Chicken Salad with Cucumbers and Olives
For the poached chicken:
I typically cook twice the chicken needed for this recipe, freezing the extra for later.
1 pound boneless chicken breasts
4 to 6 cups of water
1 tablespoons rice or white wine vinegar
½ teaspoon sugar
½ teaspoon whole black peppercorns
2 bay leaves
1 teaspoons salt
Place the chicken in a medium stockpot, adding enough water to just cover the chicken. Stir in the vinegar, sugar, peppercorns, bay leaves, and kosher salt.
Bring to a gentle simmer over medium heat and cook until chicken is cooked through, about 45 minutes. Cooking time will vary depending on the thickness of the chicken breasts. Turn off heat and leave the chicken in the cooking liquid for an additional 10 minutes. Transfer the chicken to a bowl and allow it to cool enough to handle.
For the chicken salad:
2 cups cooked chicken breast, shredded
½ cup peeled, chopped cucumber
½ cup chopped green olives with pimentos
½ cup real mayonnaise
4 teaspoons juice from the jarred olives
½ -1 teaspoon kosher salt, or to taste
¼ teaspoon freshly ground black pepper, or to taste
In a large bowl combine the shredded chicken, cucumbers, olives and mayonnaise along with the olive juice. Add ½ teaspoon of the kosher salt, and pepper. Stir in the remaining kosher salt if needed.

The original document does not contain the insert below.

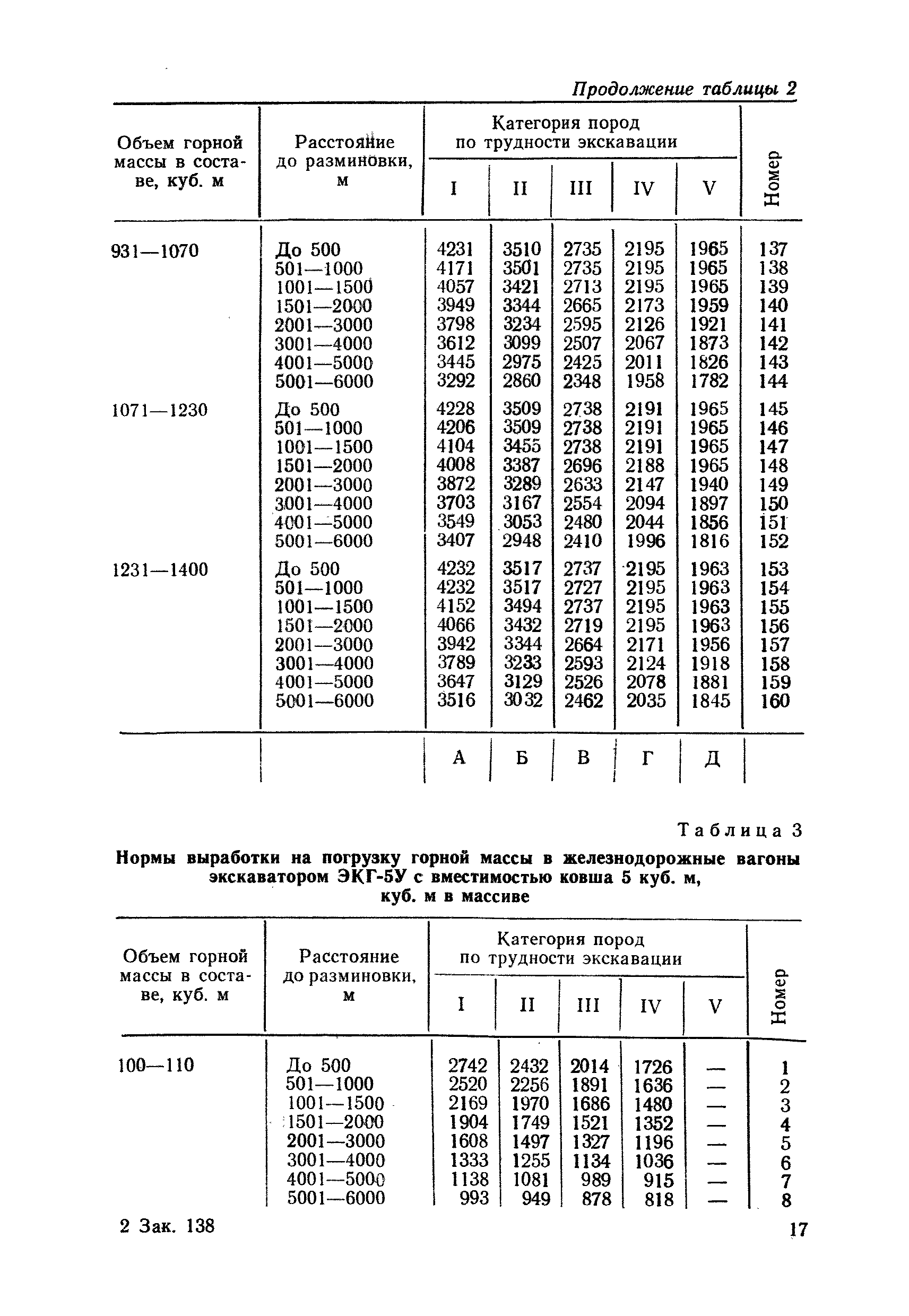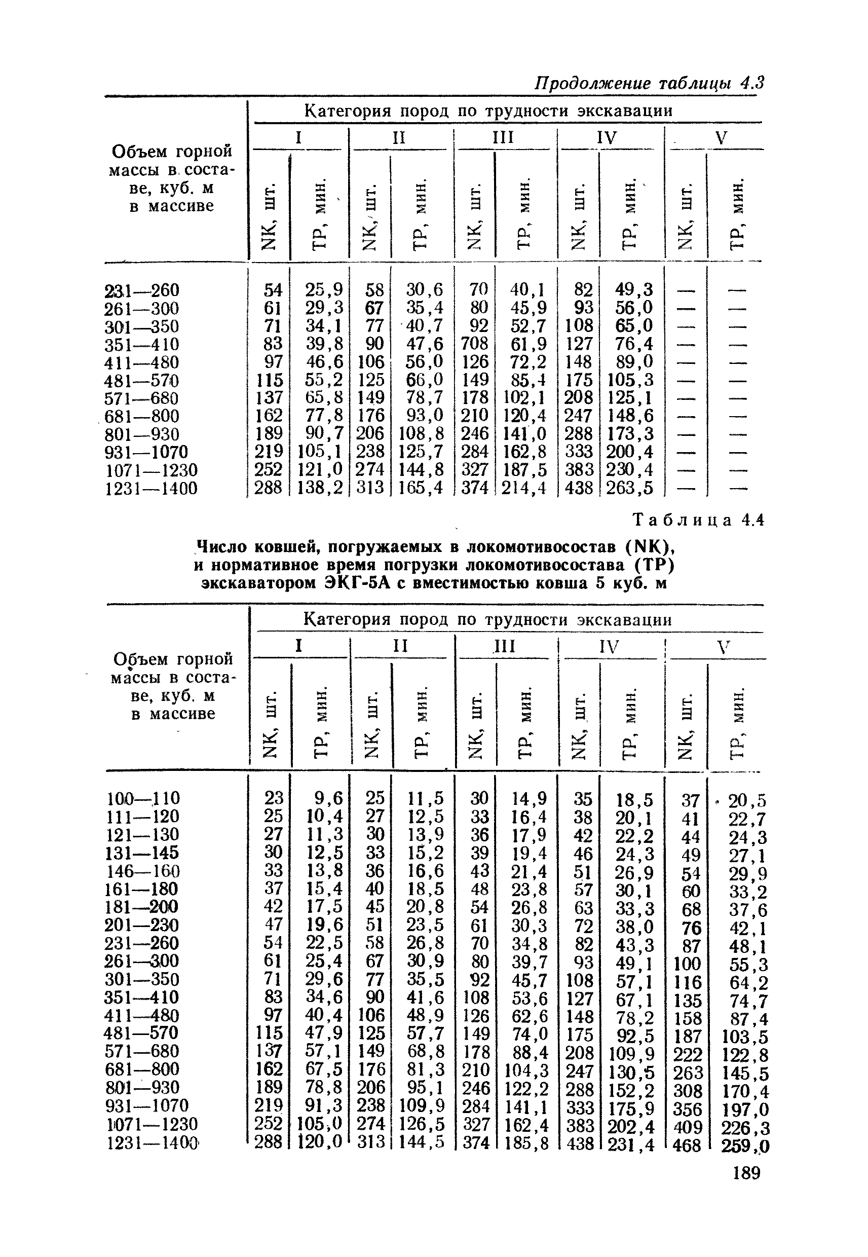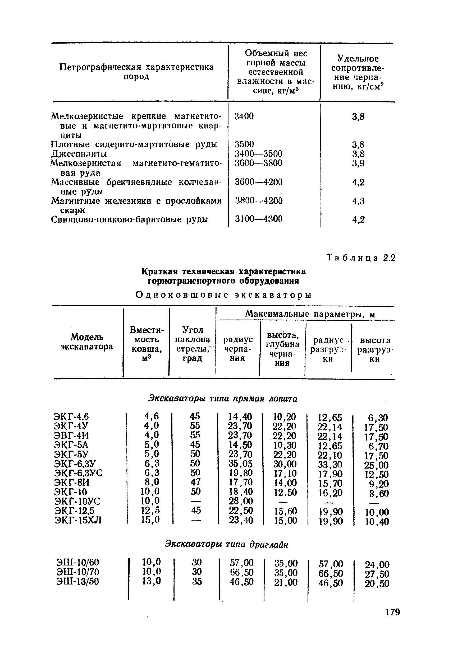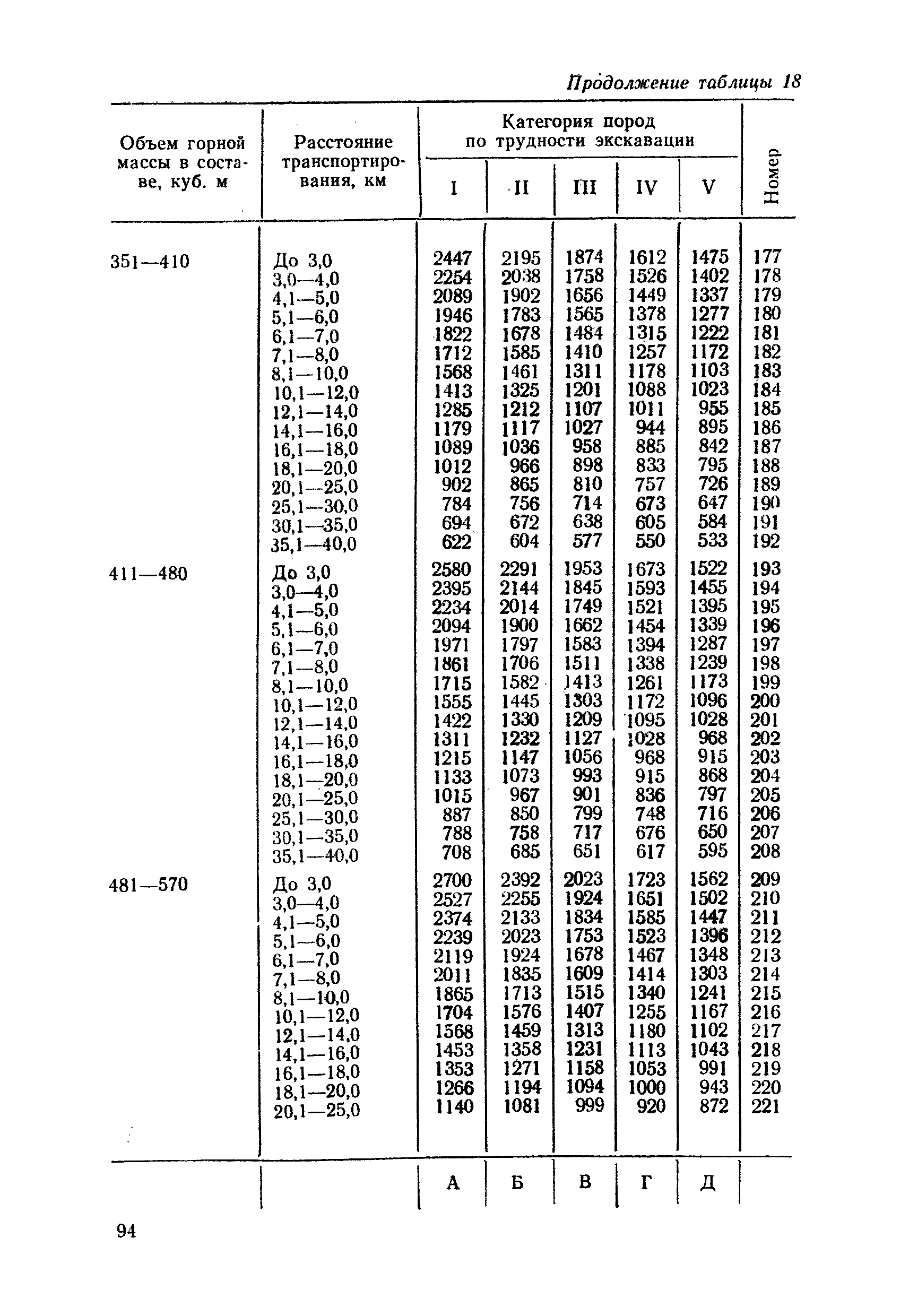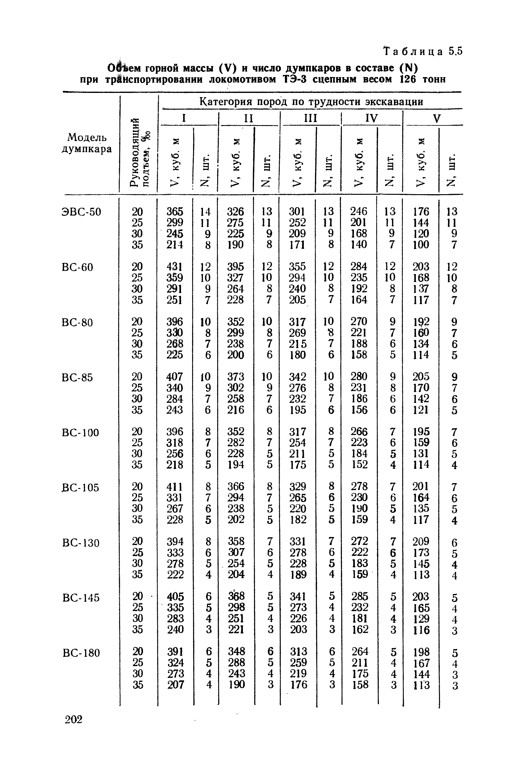 | Оглавление: | Общая часть Нормативная часть 1. Погрузка горной массы одноковшовыми экскаваторами типа прямая лопата и драглайн в железнодорожные вагоны (думпкары) 1.1. Организация работы 1.2. Содержание работы 1.3. Численный и профессиональный состав экипажа экскаватора 1.4. Факторы, влияющие на величину нормы выработки при погрузке горной массы Нормы выработки на погрузку горной нассы в железнодорожные вагоны, таблицы 1 - 14 2. Транспортирование горной массы локомотивосоставами 2.1. Организация работы 2.2. Содержание работы 2.3. Состав бригады 2.4. Факторы, влияющие на величину нормы выработки Нормы выработки на транспортирование горной массы локомотивосоставами при погрузке экскаваторами, таблицы 15 - 28 3. Поправочные коэффициенты к нормам выработки на погрузку и транспортирование горной массы Приложение 1. Методика расчета норм выработки Приложение 2. Технические и расчетные данные для расчета норм выработки Приложение 3. Нормативы времени на погрузку и транспортирование горной массы Приложение 4. Число ковшей, погружаемых в локомотивосостав, и нормативное время погрузки локомотивосостава Приложение 5. Допустимый объем горной массы в массиве и количество думпкаров в одном составе Приложение 6. Определение средневзвешенной нормы выработки Приложение 7. Определение нормы выработки при изменении объемного веса горных пород |

Stir to mix well. Cover and refrigerate overnight before serving.
Makes 3 cups of chicken salad.
Chicken Salad with Cucumber and Olives
Equipment
- Medium stockpot
Ingredients
- For the poached chicken:
- 1 pound boneless chicken breasts
- 4 to 6 cups cups of water
- 1 tablespoon rice or white wine vinegar
- ½ teaspoon sugar
- ½ teaspoon whole black peppercorns
- 2 bay leaves
- 1 teaspoon salt
- For the chicken salad:
- 2 cups shredded cooked chicken
- ½ cup peeled, chopped cucumber
- ½ cup chopped green olives with pimentos
- ½ cup real mayonnaise
- 4 teaspoons juice from the jarred olives
- ½ to 1 teaspoon kosher salt, or to taste
- ¼ teaspoon freshly ground black pepper, or to taste
Instructions
- For the poached chicken:
- Place the chicken in a medium stockpot, adding enough water to just cover the chicken. Stir in the vinegar, sugar, peppercorns, bay leaves, and kosher salt.
- Gently simmer over medium heat until the chicken is cooked through, about 45 minutes. Cooking time will vary depending on the thickness of the chicken breasts. Turn off heat and leave the chicken in the cooking liquid for an additional 10 minutes.
- Transfer the chicken to a bowl and allow it to cool enough to handle.
- For the chicken salad:
- In a large bowl combine the shredded chicken, cucumbers, olives and mayonnaise along with the olive juice. Add ½ teaspoon of the kosher salt, and pepper, stirring to mix well. Add the remaining kosher salt if needed.
- Cover and refrigerate overnight before serving.